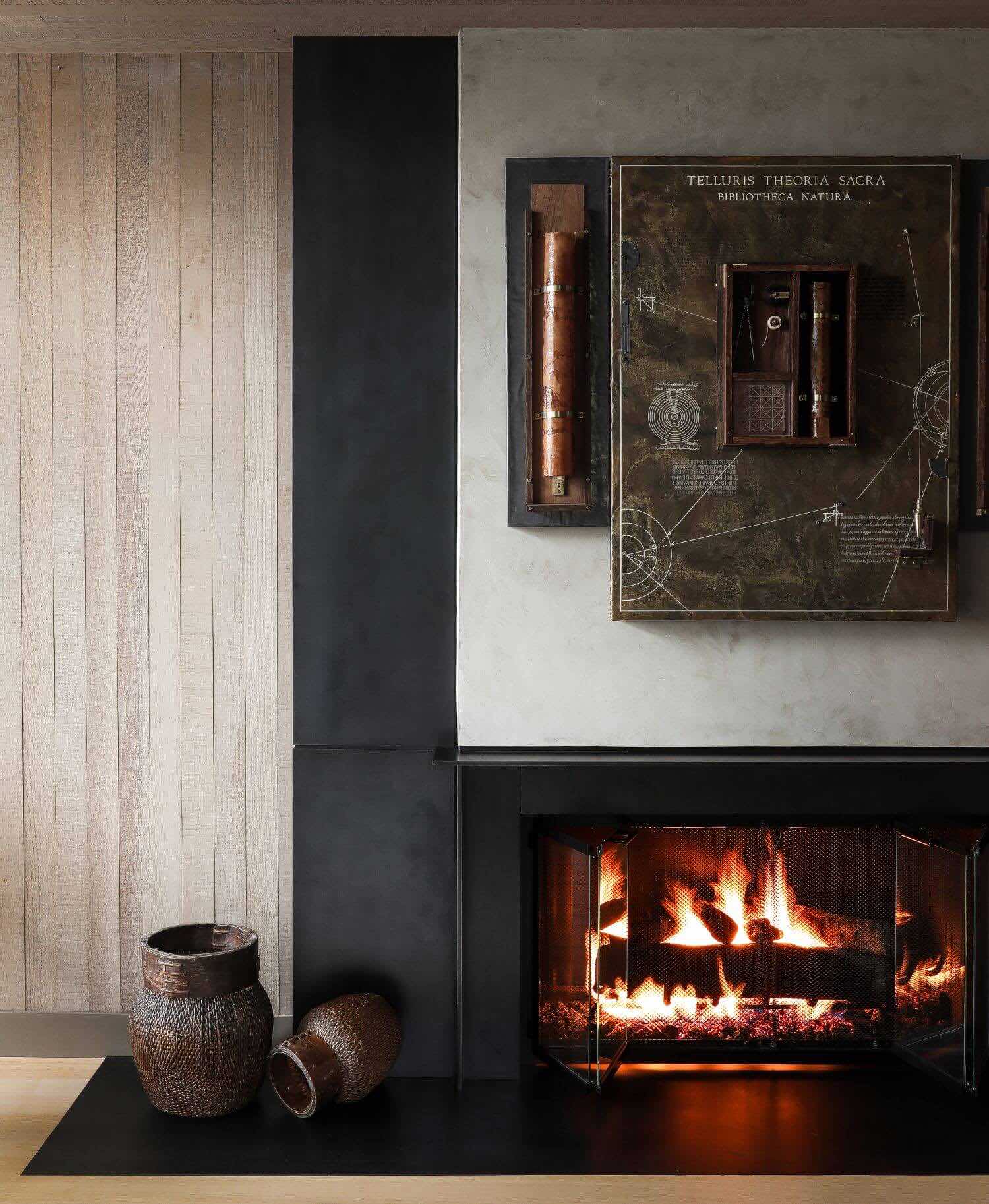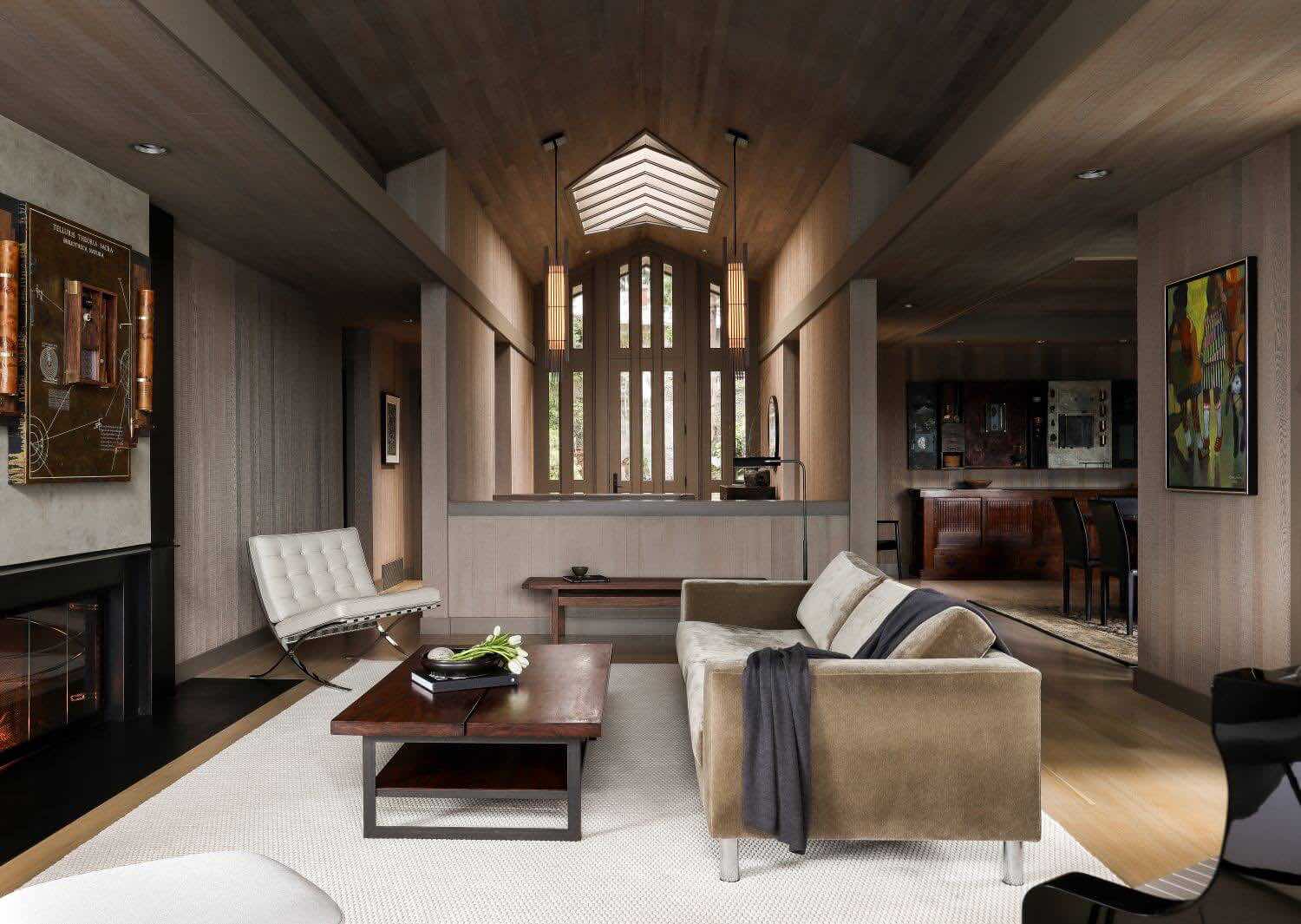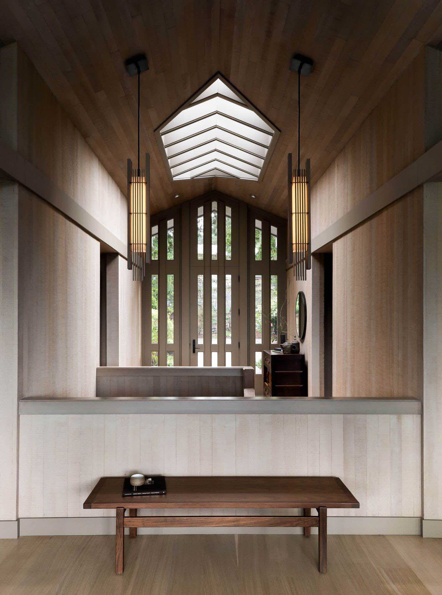 Wysokie, sklepione foyer z okładzinami cedrowymi wyznacza centralną oś domu i pozostaje najbardziej zachowaną częścią pierwotnej struktury. Nowe oświetlenie LED zostało skalibrowane tak, aby podkreślać rysunek drewna i równoważyć jego ciężar. W jadalni i salonie wymieniono podłogi na dąb biały o nieregularnym rysunku słojów, a kominek zyskał minimalistyczne wykończenie ze stali i masy Milestone.
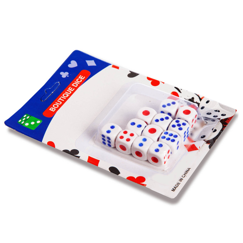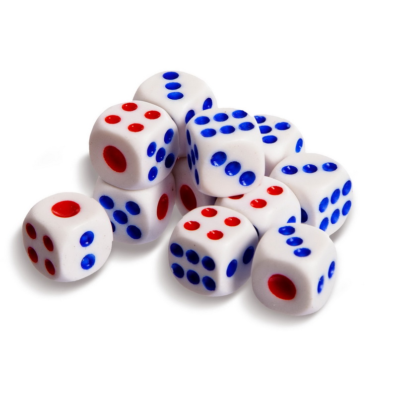 Эти кости представляют собой правильные шестигранные кубики, на каждую грань которых нанесены точки (от 1 до 6). Для их изготовления используется прочный, устойчивый к механическому воздействию пластик, что обеспечивает целостность костей.Все они тщательно откалиброваны, поэтому их характеристики, такие как центр тяжести и форма, не влияют на результат броска, и предугадать какое число выпадет практически невозможно.
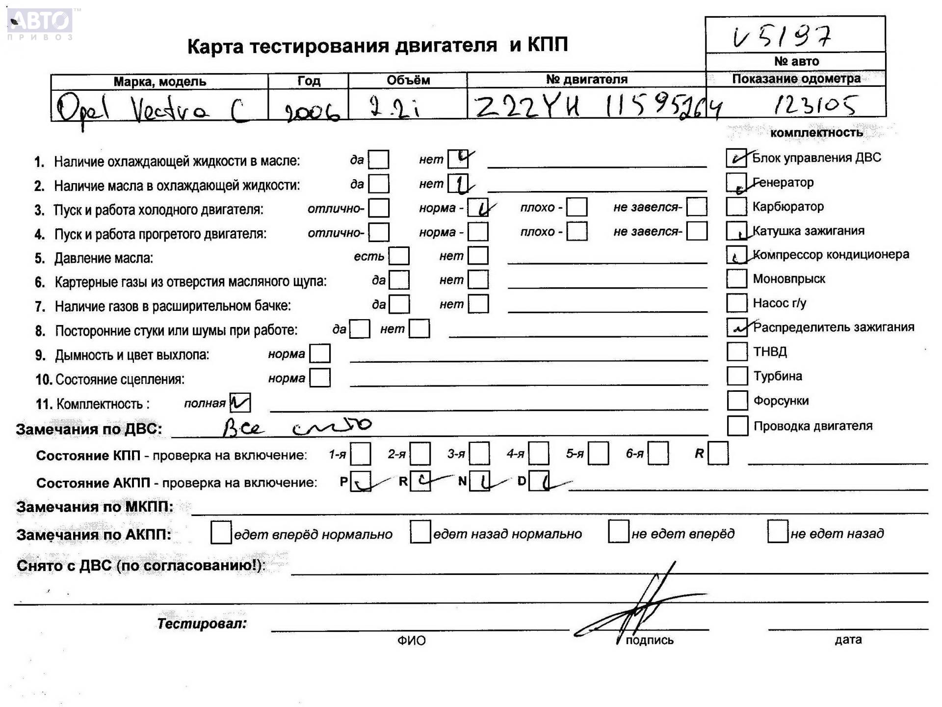 | Марка / Модель / Год: | Opel Vectra C (2002-2008) 2006 |

■ **TASK OBJECTIVE**
Please give again only those lines that run from the one containing "Эти кости представляют" through the final line of the listing, both included, exactly as written and without pictures.

■ **FINISHED TASK**
 Эти кости представляют собой правильные шестигранные кубики, на каждую грань которых нанесены точки (от 1 до 6). Для их изготовления используется прочный, устойчивый к механическому воздействию пластик, что обеспечивает целостность костей.Все они тщательно откалиброваны, поэтому их характеристики, такие как центр тяжести и форма, не влияют на результат броска, и предугадать какое число выпадет практически невозможно.
 | Марка / Модель / Год: | Opel Vectra C (2002-2008) 2006 |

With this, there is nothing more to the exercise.